Persona: “Absolutely. In my role at XYZ, I collaborated with a multidisciplinary team to develop intervention plans. We held regular meetings and used shared platforms to stay aligned. When disagreements arose, I facilitated discussions to focus on data and the common goal, leading to a blended strategy…”

This level of detail allowed us to systematically evaluate how our AI provides insights to recruiters.

Disparate Impact Assessment Results

Our analyses examined outcomes across gender, race, and intersectional categories, providing metrics like average raw scores, selection rates, and impact ratios. While it was reassuring to see that all impact ratios—both from raw scores and selection rates—far surpassed the established fairness thresholds, we were intrigued by unexpected variations. Even within our controlled experiment–designed to yield consistent results across all demographics by assigning specific job fit levels to each candidate–we observed some inconsistencies. These findings suggest that even carefully structured evaluations can yield nuanced outcomes, which we will explore further in our next piece.

Shaping a Fair AI Future

The biases observed in LLM-generated personas reflect the systemic inequities present in society, underscoring the importance of thoughtful approaches to measuring and mitigating bias. 
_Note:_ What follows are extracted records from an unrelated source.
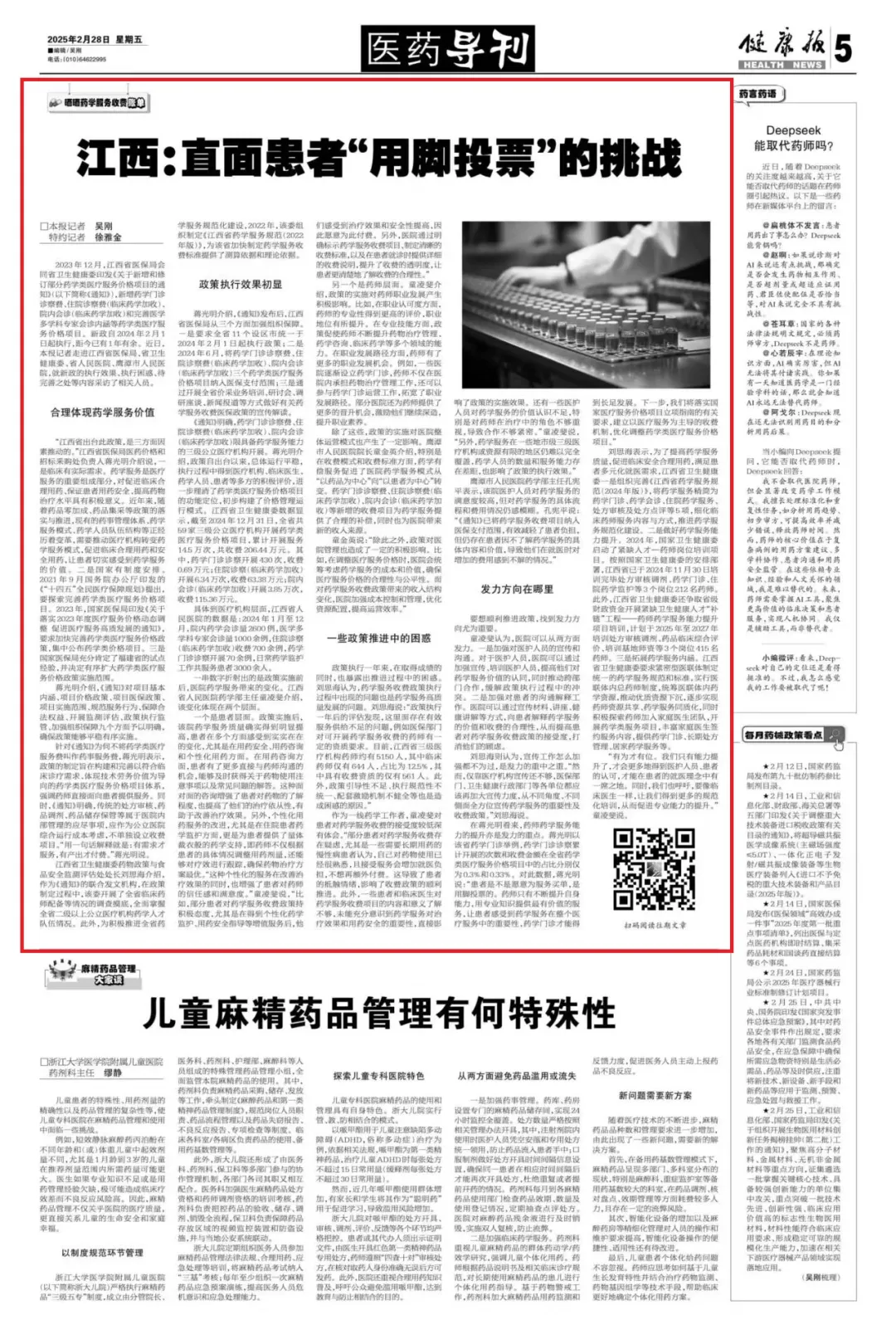 2023年12月,江西省医保局会同省卫生健康委印发《关于新增和修订部分药学类医疗服务价格项目的通知》(以下简称《通知》),新增药学门诊诊察费、住院诊察费(临床药学加收)、院内会诊(临床药学加收)和完善医学多学科专家会诊内涵等药学类医疗服务价格项目。新政自2024年2月1日起执行,距今已有1年有余。近日,本报记者走进江西省医保局、省卫生健康委、省人民医院、鹰潭市人民医院,就新政的执行效果、执行困惑、待完善之处等内容采访了相关人员。
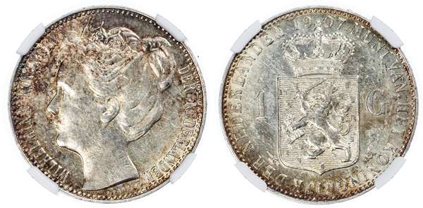Netherlands. Wilhelmina AR Gulden. 1907.
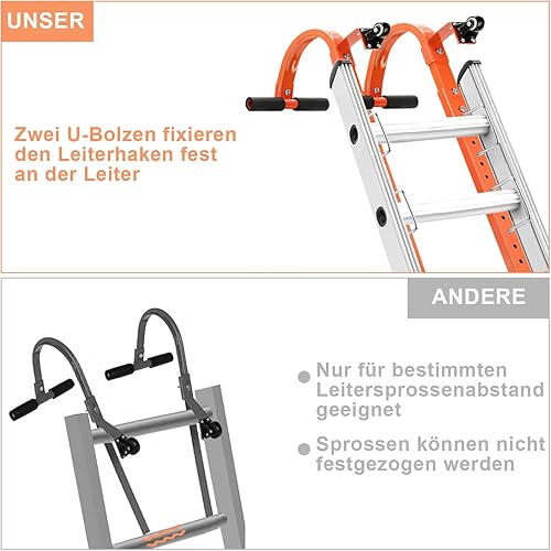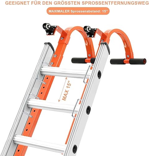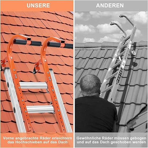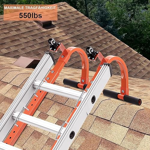 2-teiliger Leiterstabilisator, robuster Stahlleiter-Dachhaken mit Rädern, Gummigriff-T-Stange zur Schadensverhütung, Leiterzubehör, leicht zugängliche steile Dächer
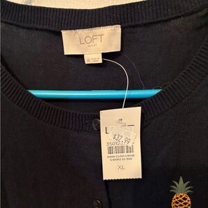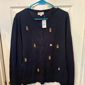 Stylish navy cardigan featuring playful pineapple embroidery. Perfect for adding a fun touch to your outfit.
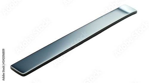 A simple metal bookmark with a sleek finish, spotlighted, isolated on white background
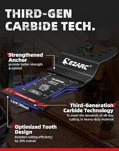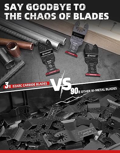 EZARC Hartmetall Multitool Sägeblätter, 3tlg Oszillierende Sägeblätter Carbide Allzweck, für Metall, Nägel, Holz, Gips, Trockenbau und PVC
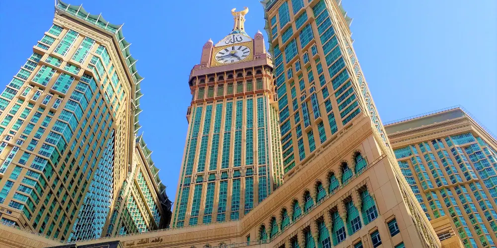 Abraj Al-Bait塔,又稱為麥加皇家鐘塔酒店,位於沙特阿拉伯麥加市。皇家鐘塔是這組建築的標誌性建築,頂部裝有世界上較大的鐘錶之一,直徑達43米。鐘塔的設計融合了現代建築技術和傳統伊斯蘭建築風格,氣勢恢宏。

As part of the growing movement for equitable AI, we’re driven by the opportunity to create tools that not only meet the moment but shape the future of fair hiring. By openly sharing our findings and collaborating with the AI community, we believe we can help set a new standard for responsible innovation: building AI tools that not only meet regulatory requirements but also make hiring fairer and more transparent for everyone.